Tuesday, November 25, 2008

Lunch With An Ex

How long are you supposed to wait before seeing an "ex" after a painful break-up?  A month? Two? I'm not sure what protocol is, but when I got a text message from an ex late last week asking me to lunch, I was somewhat tentative, but also intrigued so I said yes.  Besides, I never turn down a free meal.
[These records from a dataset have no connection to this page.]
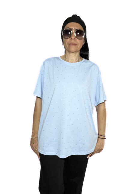 Το μπλουζάκι είναι με τετράγωνη λαιμόκοψη και ελαστικό ύφασμα.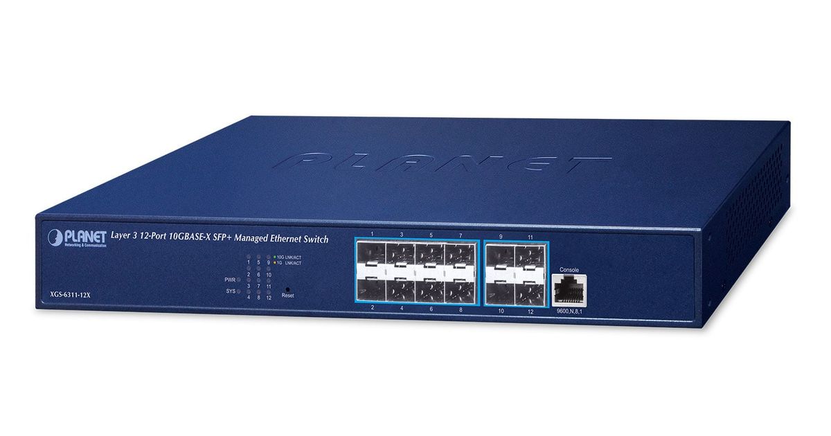 Planet XGS-6311-12X Layer 3 12-Port 10GBASE-X SFP+ Managed Ethernet Switch (Hardware-based Layer 3 RIPv1/v2, OSPFv2 dynamic routing, supports ERPS Ring, supports 1000X SFP and 10G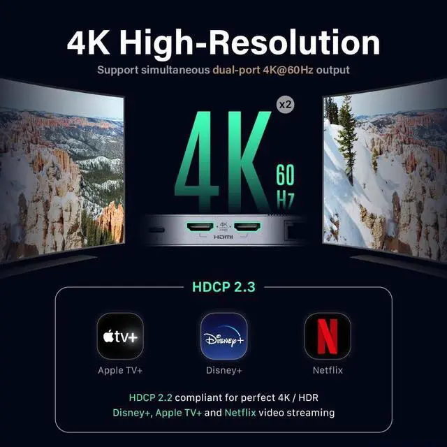 ^^ MacOS Compatibility: DP 1.4 connection and 4K@60Hz HDMI support. Single Stream Transport (SST) mode enables mirrored external display. ^^ Compatible with the M3, M2, or M1 MacBook and iPad series for seamless integration. ^^ It supports fast charging up to 100W with USB Power Delivery 3.0 and minimizes electromagnetic interference, keeping your devices working smoothly. ^^ Exclusive hub base design makes better use of your desktop. Also, it offers a range of connection ports for multiple connectivity needs.

Before you start calling "T" and telling him I'm running around town having liquid lunches with a man who may or may not have seen my breasts before, let me tell you that I'm talking about about an ex-coworker, not an ex-boyfriend (and no, he hasn't seen my breasts - unless he was at Key West Fantasy Fest in 1998-2000).  Our breakup was somewhat painful, I didn't want to leave, he didn't want me to go, but due to circumstances beyond our control (the massive layoff my previous employer went through), things just weren't going to work out.  So about a month ago, we hugged goodbye, went our separate ways and promised we'd stay friends.  It's not you, it's me. 
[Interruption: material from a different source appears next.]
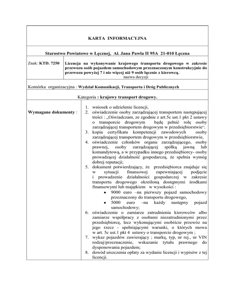 KARTA INFORMACYJNA Starostwo Powiatowe w Łęcznej, Al. Jana Pawła II 95A 21-010 Łęczna Znak: KTD. 7250 Licencja na wykonywanie krajowego transportu drogowego w zakresie przewozu osób pojazdem samochodowym przeznaczonym konstrukcyjnie do przewozu powyżej 7 i nie więcej niż 9 osób łącznie z kierowcą. nazwa decyzji Komórka organizacyjna : Wydział Komunikacji, Transportu i Dróg Publicznych Kategoria : krajowy transport drogowy. Wymagane dokumenty : 1. wniosek o udzielenie licencji, 2. oświadczenie osoby zarządzającej transportem następującej treści : „Oświadczam, ze zgodnie z art.5c ust.1 pkt 2 ustawy o transporcie drogowym będę pełnić rolę osoby zarządzającej transportem drogowym w przedsiębiorstwie”; 3. kopia certyfikatu kompetencji zawodowych osoby zarządzającej transportem drogowym w przedsiębiorstwie, 4. oświadczenie członków organu zarządzającego, osoby prawnej, osoby zarządzającej spółką jawną lub komandytową, a w przypadku innego przedsiębiorcy- osoby prowadzącej działalność gospodarczą, że spełnia wymóg dobrej reputacji; 5. dokument potwierdzający, że przedsiębiorca znajduje się w sytuacji finansowej zapewniającej podjęcie i prowadzenie działalności gospodarczej w zakresie transportu drogowego określoną dostępnymi środkami finansowymi lub majątkiem w wysokości : 9000 euro –na pierwszy pojazd samochodowy przeznaczony do transportu drogowego, 5000 euro –na każdy następny pojazd samochodowy; 6. oświadczenie o zamiarze zatrudnienia kierowców albo zamiarze współpracy z osobami niezatrudnionymi przez przedsiębiorcę, lecz wykonującymi osobiście przewóz na jego rzecz - spełniającymi warunki, o których mowa w art. 5c ust.1 pkt 4 ustawy o transporcie drogowym ; 7. wykaz pojazdów zawierający ; markę, typ, nr rej., nr VIN rodzaj/przeznaczenie, wskazanie tytułu prawnego do dysponowania pojazdem; 8. dowód uiszczenia opłaty za wydanie licencji i wypisów z tej licencji. 1. Opłata : za czynności administracyjne ( udzielenie licencji i wypisu z licencji) opłata wynikająca z rozporządzenia Ministra Transportu, Budownictwa i Gospodarki Morskiej z dnia 12 sierpnia 2013 r. w sprawie wysokości opłat za czynności administracyjne związane z wykonywaniem przewozu drogowego oraz za egzaminowanie i wydanie certyfikatu kompetencji zawodowych (Dz. U. , poz. 916). Opłatę należy wpłacić na konto: Starostwo Powiatowe w Łęcznej PKO BP S.A. O/ Łęczna Nr 86 1020 3206 0000 8102 0006 4444 Miejsce złożenia dokumentów : pokój nr 116, Termin załatwienia sprawy : nr tel. 81) 752 64 63 7 dni. Osoba odpowiedzialna za załatwienie sprawy : Sabina Mokijewska. Tryb odwoławczy : od decyzji przysługuje odwołanie do Samorządowego Kolegium Odwoławczego w Lublinie za pośrednictwem Starosty Łęczyńskiego w terminie 14 dni od dnia doręczenia decyzji. Podstawa prawna : 1. 2. 3. Ustawa z dnia 6 września 2001 r. – o transporcie drogowym (Dz. U. z 2013 r., poz. 1414). Ustawa z dnia 14 czerwca 1960 r.-Kodeks postępowania administracyjnego(Dz. U. z 2013 r., poz. 267). Rozporządzenie Ministra Transportu, Budownictwa i Gospodarki Morskiej z dnia 12 sierpnia 2013r. w sprawie wysokości opłat za czynności administracyjne związane z wykonywaniem przewozu drogowego oraz za egzaminowanie i wydanie certyfikatu kompetencji zawodowych (Dz. U. poz. 916).

As I bussed-it across town wearing a cute-but-casual outfit, the kind you always wanted your co-workers to see you in, but just couldn't get away with at the office, I wondered to myself what we would talk about.  Would we keep our distance and keep it all business?  Would the conversation revolve around the co-workers we used to share but he now has custody of?  Or we would "go there" and talk about the stuff we could never talk about when we were "together", entwined as professionals.
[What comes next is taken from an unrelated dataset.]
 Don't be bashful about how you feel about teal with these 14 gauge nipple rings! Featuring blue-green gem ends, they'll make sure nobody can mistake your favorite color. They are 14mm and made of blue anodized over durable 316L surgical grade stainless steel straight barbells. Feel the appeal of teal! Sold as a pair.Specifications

I got my answer about 10 minutes after we hugged hello.  As soon as "The Ex" said, "UnPlain Jane, let's have wine," I knew where it was going and within five minutes the conversation turned from "How's Business?" to "Tell me every last dirty detail of your trip to Vegas and I'll tell you how I was no different from you 8 years ago."  I guess some things never change.  All it takes is an expensive meal and a $16 glass of wine (which is better than the $1 pitcher of beer and plate of hot wings it took in college) to seal the deal.  By the end of the meal we were both fully aware of a) how funny we each think we are and b) how awesome his wife and my future husband are for putting up with each of us.  

As sad as it is saying goodbye to the people you spent at least 40 hours of every week with, there's something especially fun about getting together, after you've split, and getting to hang out without the looming threat of "Monday Morning" and revealing just a little more than you ever would've in the office over a muted conference call. 

I would love to have the opportunity to get to know all of my "EXes" is this way, but I think it's best kept to those I've always had the sneaking suspicion are "just like me."   I have a reputation to maintain and I wouldn't want to ruin the image of the sweet-nice-class act-UnPlain Jane.  After all, if I wanted them to know who I really was, I would've owned up to spreading the funniest-but-most-vulgar-joke XYZ Company has ever heard. Instead, I gave credit to a man, because that kind of joke couldn't have come from the mouth of a woman and certainly not UnPlain Jane.  Not the one my ex-co-workers know anyway.




1 comment:

brynn rovito said...

100 bucks its jelly v. jam. and let me tell you,its much funnier when a chick says it in a jersey accent.